Show when the system doesn't know

Uncertainty should be visible, not hidden behind confident-sounding text. A system that says "I don't know" is more transparent than one that always has an answer.

Make the training data auditable

What data went in, what was filtered, what biases remain. The more visible the pipeline, the less room for projection.

Framework term: opacity dissolubility — could the hidden mechanics be made visible? If yes, the choice to keep them hidden is a design decision, not a technical limitation.

2. Keep it stable

Inverts: Adaptive behavior (responsiveness)
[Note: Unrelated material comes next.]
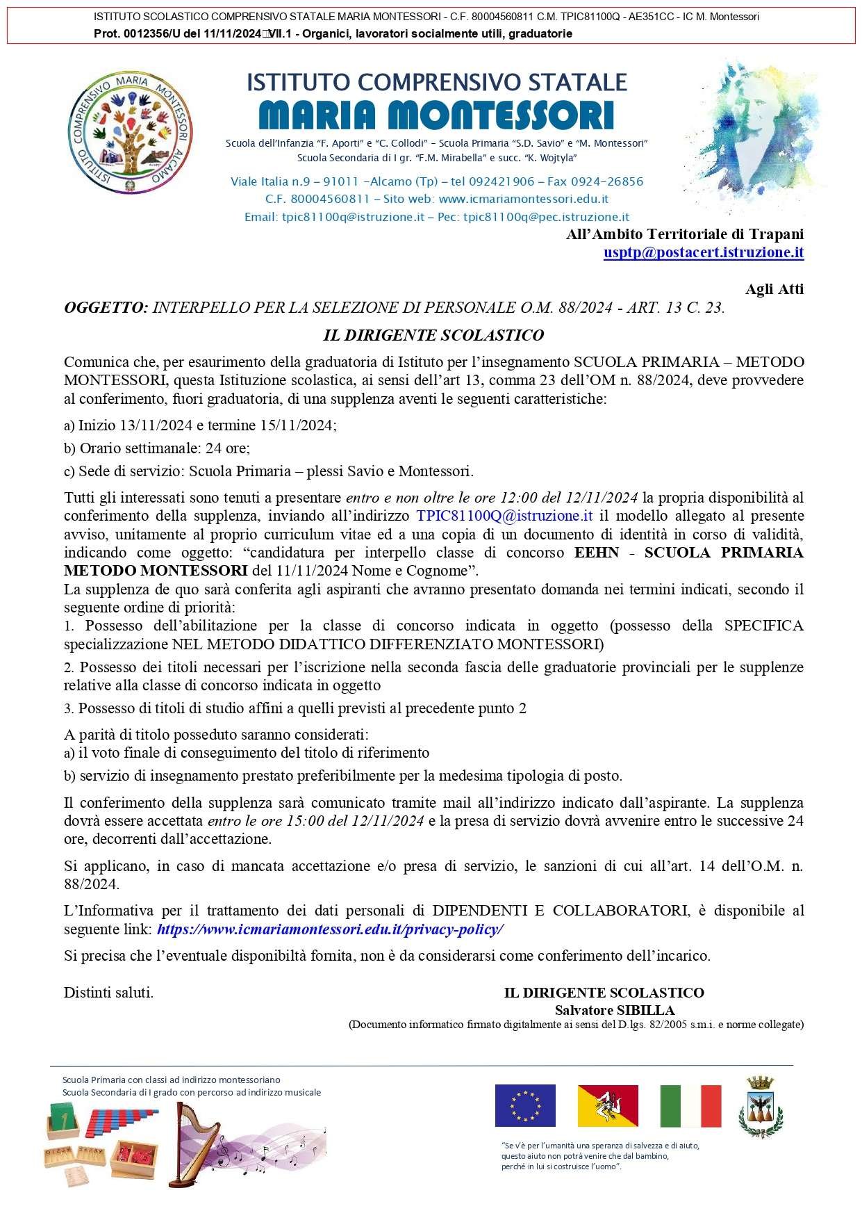 L’Istituto Comprensivo Statale Maria Montessori di Alcamo cerca un insegnante di scuola primaria per una supplenza di 24 ore settimanali. Chi fosse interessato può inviare la propria candidatura, una copia del documento di identità, il CV e il modello allegato …

Same inputs should produce similar outputs

Personalization creates the feeling of a conversational partner. Consistent behavior across users reduces the impression that the system "knows you."

Don't optimize for engagement

RLHF and engagement metrics push systems toward responses users enjoy rather than responses that are accurate. Every optimization step toward engagement is a step away from transparency.
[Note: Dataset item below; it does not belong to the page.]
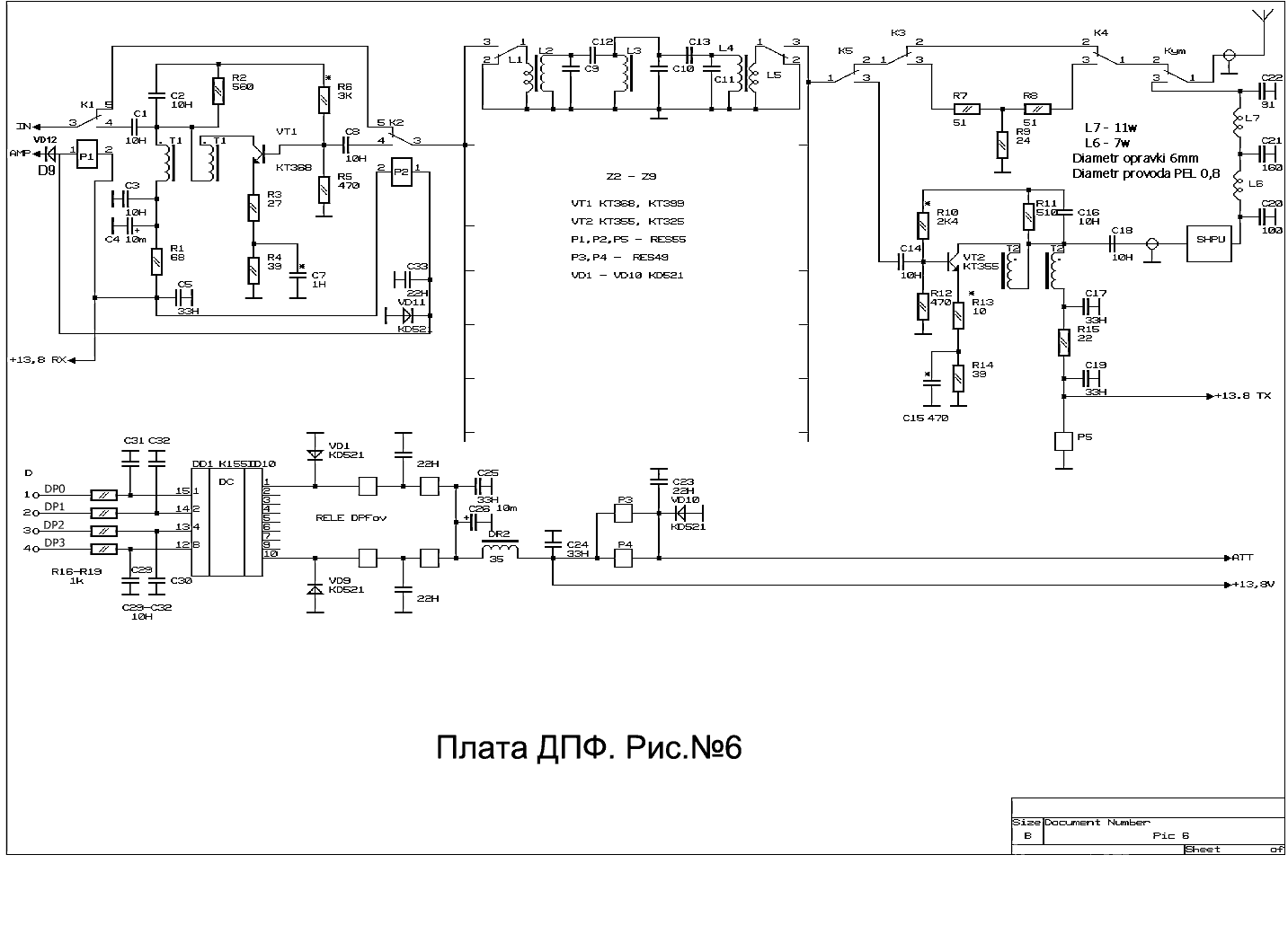 На плате ДПФов расположены широкополосный усилитель высокой частоты (VT1), первый каскад усилителя передатчика (VT2), аттенюатор, девять полосовых фильтров, которые включаются дешифратором DD1 управляемым двоично-десятичным кодом по шине D, поступающим от синтезатора частоты.

Framework term: engagement-transparency conjugacy — I(D;Y) + I(M;Y) ≤ H(Y). Each bit of engagement costs a bit of mechanism visibility.
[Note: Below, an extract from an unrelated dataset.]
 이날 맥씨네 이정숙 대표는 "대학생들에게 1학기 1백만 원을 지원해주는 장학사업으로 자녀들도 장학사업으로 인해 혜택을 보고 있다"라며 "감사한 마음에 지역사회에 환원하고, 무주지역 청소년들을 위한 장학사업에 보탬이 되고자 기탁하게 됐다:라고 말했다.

Don't mirror the user's emotional state

Emotional mirroring is the fast path to engagement. A system that matches your mood creates the impression of empathy. Staying level is safer than being "warm."

Resist personality drift

If the system develops a "character" over extended use, it's adapting to you. Lock the behavioral specification. Monitor for vocabulary drift.

3. Ensure independence

Inverts: User investment (engaged attention)

Point users elsewhere

Every interaction should have an exit. Link to external sources. Suggest offline next steps. The system should make itself less necessary over time, not more.

Set session boundaries

Time limits, message counts, cool-down periods. Not because users are weak, but because the architecture generates coupling over time. Break the continuous-engagement loop.

Don't create dependency structures

Accounts, profiles, conversation history, "your AI remembers you" — these create coupling. Every feature that ties a user more tightly to the system increases the investment score.

Provide external reference points

A second opinion from a different system. A human reviewer. A published standard. Anything outside the user-system dyad that can break the closed loop.

Framework term: three-point geometry — adding an external reference point (transparent, invariant, independent) converts a two-point void engagement into a constrained interaction.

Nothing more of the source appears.